# INSTRUCTIONS FOR THE TASK:
Repeat, exactly as written, the lines of the records below from the first through the line with "- 기존 K-패스 이용자: 아무것도", but none past it.

(Data entries)
Content starts

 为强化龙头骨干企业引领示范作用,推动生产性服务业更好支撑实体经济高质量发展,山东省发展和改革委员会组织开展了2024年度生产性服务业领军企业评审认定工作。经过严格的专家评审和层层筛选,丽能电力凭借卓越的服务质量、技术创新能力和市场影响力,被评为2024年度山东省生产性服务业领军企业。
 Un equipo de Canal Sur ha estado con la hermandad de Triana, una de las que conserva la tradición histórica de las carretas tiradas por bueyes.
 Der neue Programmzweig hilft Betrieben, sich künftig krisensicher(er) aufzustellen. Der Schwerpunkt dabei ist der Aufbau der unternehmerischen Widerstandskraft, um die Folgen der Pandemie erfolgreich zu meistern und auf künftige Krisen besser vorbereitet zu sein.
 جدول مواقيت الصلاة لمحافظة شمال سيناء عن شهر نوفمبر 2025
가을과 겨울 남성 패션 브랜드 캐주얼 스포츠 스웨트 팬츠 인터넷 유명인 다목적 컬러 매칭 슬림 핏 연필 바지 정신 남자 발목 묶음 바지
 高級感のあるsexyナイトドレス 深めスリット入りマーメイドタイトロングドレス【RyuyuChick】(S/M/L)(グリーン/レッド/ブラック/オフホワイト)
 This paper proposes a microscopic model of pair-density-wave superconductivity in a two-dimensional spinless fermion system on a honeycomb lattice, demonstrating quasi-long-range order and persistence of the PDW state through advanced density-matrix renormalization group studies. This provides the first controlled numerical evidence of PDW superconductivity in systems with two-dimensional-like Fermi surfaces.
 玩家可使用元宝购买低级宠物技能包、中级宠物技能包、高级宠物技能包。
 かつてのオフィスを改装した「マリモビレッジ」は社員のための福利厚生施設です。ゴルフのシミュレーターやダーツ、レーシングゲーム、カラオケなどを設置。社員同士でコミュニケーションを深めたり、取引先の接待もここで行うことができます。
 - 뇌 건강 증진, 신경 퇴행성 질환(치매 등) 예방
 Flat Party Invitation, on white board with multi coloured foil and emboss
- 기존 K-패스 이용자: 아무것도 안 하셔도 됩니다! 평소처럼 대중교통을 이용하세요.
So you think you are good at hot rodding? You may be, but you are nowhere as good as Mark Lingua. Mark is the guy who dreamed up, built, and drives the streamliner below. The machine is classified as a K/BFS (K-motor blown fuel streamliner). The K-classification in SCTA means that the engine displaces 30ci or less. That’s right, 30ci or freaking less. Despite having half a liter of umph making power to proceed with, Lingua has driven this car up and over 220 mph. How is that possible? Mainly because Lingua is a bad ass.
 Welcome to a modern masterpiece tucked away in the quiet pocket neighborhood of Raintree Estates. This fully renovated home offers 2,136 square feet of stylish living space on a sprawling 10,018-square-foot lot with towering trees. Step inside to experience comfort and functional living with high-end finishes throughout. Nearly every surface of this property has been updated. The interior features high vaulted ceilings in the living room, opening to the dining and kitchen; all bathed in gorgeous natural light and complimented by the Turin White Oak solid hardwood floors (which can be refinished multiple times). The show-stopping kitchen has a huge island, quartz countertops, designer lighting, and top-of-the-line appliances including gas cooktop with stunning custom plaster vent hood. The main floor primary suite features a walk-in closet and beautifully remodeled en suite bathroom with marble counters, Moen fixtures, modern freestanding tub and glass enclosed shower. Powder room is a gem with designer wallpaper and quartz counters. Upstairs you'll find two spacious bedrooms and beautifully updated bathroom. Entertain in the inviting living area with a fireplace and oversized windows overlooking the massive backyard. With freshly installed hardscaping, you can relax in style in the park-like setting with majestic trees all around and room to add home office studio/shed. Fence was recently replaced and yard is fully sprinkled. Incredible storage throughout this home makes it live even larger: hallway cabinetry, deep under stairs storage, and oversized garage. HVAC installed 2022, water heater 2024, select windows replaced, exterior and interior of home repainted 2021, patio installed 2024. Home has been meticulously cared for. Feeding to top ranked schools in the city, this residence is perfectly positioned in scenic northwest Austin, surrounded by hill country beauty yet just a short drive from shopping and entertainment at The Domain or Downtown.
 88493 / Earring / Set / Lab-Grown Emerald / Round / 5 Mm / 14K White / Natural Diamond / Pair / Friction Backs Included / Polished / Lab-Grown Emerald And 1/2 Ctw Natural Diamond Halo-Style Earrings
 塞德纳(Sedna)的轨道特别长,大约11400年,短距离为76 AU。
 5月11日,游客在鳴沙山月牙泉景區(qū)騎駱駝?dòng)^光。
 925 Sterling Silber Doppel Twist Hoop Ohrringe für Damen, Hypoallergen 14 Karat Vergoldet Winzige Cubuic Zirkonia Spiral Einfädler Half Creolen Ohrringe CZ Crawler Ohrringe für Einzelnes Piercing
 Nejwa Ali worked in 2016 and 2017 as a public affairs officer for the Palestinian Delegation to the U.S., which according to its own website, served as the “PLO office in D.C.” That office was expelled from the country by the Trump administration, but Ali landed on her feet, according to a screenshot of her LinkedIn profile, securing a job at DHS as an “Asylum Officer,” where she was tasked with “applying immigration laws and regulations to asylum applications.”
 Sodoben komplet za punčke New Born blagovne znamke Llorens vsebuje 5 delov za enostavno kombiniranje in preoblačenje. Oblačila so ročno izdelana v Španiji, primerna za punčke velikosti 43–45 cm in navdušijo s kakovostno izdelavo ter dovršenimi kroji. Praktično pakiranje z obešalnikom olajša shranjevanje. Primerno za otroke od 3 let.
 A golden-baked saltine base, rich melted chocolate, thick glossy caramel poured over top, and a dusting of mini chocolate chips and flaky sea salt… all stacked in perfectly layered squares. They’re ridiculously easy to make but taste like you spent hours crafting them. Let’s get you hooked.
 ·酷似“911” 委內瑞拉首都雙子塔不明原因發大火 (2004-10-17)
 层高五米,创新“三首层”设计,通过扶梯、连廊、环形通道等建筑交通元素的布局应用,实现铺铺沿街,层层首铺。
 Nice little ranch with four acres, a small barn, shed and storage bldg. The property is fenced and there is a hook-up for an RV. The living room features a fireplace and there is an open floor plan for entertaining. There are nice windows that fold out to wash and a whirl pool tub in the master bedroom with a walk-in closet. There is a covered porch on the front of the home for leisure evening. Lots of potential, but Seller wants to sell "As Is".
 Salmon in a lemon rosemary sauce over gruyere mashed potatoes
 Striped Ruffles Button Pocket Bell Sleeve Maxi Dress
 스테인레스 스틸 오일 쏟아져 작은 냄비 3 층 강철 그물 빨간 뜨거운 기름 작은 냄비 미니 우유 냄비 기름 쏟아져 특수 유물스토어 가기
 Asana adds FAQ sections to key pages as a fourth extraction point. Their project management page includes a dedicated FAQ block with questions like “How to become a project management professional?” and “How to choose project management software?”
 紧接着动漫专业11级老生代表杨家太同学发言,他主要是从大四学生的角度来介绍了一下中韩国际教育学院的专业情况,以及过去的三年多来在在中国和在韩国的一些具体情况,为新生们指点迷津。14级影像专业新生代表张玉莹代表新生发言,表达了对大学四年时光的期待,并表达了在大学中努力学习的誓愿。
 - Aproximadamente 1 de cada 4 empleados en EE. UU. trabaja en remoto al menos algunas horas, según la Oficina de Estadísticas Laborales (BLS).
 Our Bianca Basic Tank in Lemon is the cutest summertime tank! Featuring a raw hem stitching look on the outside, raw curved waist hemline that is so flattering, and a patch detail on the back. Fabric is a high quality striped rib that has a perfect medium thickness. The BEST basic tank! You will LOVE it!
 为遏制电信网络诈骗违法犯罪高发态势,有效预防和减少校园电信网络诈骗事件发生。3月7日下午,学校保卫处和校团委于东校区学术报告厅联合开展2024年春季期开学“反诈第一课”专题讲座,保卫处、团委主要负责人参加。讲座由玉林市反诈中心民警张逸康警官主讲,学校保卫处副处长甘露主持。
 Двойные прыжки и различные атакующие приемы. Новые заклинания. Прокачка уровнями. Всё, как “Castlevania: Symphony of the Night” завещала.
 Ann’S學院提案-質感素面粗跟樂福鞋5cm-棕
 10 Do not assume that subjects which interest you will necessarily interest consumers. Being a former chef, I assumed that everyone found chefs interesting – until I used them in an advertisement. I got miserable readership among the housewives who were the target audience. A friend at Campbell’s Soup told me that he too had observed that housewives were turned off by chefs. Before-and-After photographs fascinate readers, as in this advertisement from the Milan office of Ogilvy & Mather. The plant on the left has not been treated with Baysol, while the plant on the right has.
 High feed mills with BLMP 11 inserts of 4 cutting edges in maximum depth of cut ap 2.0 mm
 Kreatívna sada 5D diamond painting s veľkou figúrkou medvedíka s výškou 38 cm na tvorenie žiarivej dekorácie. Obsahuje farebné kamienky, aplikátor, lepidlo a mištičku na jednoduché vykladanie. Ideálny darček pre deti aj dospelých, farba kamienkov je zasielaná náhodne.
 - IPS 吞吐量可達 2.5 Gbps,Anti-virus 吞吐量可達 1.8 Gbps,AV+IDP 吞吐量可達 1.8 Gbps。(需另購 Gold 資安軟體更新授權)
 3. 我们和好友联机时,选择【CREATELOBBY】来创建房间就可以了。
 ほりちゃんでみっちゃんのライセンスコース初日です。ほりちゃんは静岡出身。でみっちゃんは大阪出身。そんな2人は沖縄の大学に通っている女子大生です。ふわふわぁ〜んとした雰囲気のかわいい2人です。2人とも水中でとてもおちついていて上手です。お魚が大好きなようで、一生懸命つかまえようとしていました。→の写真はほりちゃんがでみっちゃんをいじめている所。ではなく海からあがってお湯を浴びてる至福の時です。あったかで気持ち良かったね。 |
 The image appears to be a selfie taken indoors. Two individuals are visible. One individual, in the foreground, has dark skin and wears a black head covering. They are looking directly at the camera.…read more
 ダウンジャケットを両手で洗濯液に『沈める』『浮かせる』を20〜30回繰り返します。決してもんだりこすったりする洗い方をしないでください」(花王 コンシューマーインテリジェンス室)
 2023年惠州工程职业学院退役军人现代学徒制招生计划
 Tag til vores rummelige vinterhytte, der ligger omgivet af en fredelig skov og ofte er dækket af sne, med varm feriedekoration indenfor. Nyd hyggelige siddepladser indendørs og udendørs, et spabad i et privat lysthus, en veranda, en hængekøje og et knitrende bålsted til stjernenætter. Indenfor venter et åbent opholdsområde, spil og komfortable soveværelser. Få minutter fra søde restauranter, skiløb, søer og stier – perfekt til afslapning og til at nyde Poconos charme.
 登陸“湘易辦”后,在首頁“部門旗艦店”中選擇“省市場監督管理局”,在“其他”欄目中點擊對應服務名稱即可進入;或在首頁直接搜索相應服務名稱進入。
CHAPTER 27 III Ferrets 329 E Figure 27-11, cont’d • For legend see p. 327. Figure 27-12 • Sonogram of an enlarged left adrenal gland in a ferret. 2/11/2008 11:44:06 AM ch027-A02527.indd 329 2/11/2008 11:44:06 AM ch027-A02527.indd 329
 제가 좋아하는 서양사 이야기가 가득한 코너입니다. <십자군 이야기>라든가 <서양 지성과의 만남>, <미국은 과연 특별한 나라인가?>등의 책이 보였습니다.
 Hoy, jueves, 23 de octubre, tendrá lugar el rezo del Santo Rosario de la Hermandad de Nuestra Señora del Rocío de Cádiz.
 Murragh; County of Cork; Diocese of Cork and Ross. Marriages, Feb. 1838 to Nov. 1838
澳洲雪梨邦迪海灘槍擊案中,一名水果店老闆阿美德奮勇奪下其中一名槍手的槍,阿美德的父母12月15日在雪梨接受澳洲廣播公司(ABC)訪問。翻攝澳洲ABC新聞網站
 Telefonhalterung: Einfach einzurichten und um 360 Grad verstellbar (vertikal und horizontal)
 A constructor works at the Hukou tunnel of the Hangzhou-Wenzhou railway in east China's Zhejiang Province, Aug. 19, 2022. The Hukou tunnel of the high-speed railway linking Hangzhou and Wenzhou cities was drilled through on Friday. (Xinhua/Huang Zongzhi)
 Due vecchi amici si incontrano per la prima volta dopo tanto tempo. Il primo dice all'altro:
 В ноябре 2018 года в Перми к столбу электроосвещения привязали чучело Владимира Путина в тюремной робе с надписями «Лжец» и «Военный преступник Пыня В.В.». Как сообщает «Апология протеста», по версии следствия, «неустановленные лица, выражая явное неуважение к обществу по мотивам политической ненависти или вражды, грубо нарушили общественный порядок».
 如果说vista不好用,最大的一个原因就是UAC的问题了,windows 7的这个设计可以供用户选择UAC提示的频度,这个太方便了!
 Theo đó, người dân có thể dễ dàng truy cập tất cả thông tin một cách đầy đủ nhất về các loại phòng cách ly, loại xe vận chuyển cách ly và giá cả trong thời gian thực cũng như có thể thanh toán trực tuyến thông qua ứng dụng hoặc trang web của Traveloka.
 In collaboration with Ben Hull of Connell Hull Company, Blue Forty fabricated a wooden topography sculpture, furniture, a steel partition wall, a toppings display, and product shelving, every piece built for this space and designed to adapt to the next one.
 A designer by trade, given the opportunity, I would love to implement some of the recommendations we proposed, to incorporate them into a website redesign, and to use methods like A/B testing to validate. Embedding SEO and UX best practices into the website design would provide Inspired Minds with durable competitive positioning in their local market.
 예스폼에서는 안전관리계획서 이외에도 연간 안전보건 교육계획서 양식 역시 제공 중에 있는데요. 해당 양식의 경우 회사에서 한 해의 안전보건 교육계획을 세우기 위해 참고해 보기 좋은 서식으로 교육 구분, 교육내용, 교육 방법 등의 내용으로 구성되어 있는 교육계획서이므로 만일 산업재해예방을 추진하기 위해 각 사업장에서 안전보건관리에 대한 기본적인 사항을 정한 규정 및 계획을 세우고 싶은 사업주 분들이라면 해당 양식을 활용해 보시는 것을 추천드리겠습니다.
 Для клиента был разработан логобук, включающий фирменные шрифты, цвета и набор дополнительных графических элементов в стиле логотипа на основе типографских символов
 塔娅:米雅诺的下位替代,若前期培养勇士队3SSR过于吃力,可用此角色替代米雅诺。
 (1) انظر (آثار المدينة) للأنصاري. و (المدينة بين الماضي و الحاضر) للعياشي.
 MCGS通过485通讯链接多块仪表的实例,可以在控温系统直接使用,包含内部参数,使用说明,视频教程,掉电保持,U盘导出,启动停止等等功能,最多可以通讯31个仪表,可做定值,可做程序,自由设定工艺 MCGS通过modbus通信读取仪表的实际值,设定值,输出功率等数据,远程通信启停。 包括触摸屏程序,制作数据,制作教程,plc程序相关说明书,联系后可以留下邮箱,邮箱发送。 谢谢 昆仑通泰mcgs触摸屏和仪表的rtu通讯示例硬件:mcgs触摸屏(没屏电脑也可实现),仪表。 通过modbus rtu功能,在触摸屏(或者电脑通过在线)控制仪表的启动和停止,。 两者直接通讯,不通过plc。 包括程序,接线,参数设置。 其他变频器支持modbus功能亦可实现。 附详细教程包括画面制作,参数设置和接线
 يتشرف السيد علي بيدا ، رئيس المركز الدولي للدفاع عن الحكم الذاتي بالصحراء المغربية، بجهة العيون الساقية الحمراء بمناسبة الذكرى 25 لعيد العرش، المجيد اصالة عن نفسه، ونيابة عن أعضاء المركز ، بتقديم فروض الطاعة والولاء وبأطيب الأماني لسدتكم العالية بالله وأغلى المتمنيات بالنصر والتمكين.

Content ends

# WRITTEN RESPONSE:
 为强化龙头骨干企业引领示范作用,推动生产性服务业更好支撑实体经济高质量发展,山东省发展和改革委员会组织开展了2024年度生产性服务业领军企业评审认定工作。经过严格的专家评审和层层筛选,丽能电力凭借卓越的服务质量、技术创新能力和市场影响力,被评为2024年度山东省生产性服务业领军企业。
 Un equipo de Canal Sur ha estado con la hermandad de Triana, una de las que conserva la tradición histórica de las carretas tiradas por bueyes.
 Der neue Programmzweig hilft Betrieben, sich künftig krisensicher(er) aufzustellen. Der Schwerpunkt dabei ist der Aufbau der unternehmerischen Widerstandskraft, um die Folgen der Pandemie erfolgreich zu meistern und auf künftige Krisen besser vorbereitet zu sein.
 جدول مواقيت الصلاة لمحافظة شمال سيناء عن شهر نوفمبر 2025
가을과 겨울 남성 패션 브랜드 캐주얼 스포츠 스웨트 팬츠 인터넷 유명인 다목적 컬러 매칭 슬림 핏 연필 바지 정신 남자 발목 묶음 바지
 高級感のあるsexyナイトドレス 深めスリット入りマーメイドタイトロングドレス【RyuyuChick】(S/M/L)(グリーン/レッド/ブラック/オフホワイト)
 This paper proposes a microscopic model of pair-density-wave superconductivity in a two-dimensional spinless fermion system on a honeycomb lattice, demonstrating quasi-long-range order and persistence of the PDW state through advanced density-matrix renormalization group studies. This provides the first controlled numerical evidence of PDW superconductivity in systems with two-dimensional-like Fermi surfaces.
 玩家可使用元宝购买低级宠物技能包、中级宠物技能包、高级宠物技能包。
 かつてのオフィスを改装した「マリモビレッジ」は社員のための福利厚生施設です。ゴルフのシミュレーターやダーツ、レーシングゲーム、カラオケなどを設置。社員同士でコミュニケーションを深めたり、取引先の接待もここで行うことができます。
 - 뇌 건강 증진, 신경 퇴행성 질환(치매 등) 예방
 Flat Party Invitation, on white board with multi coloured foil and emboss
- 기존 K-패스 이용자: 아무것도 안 하셔도 됩니다! 평소처럼 대중교통을 이용하세요.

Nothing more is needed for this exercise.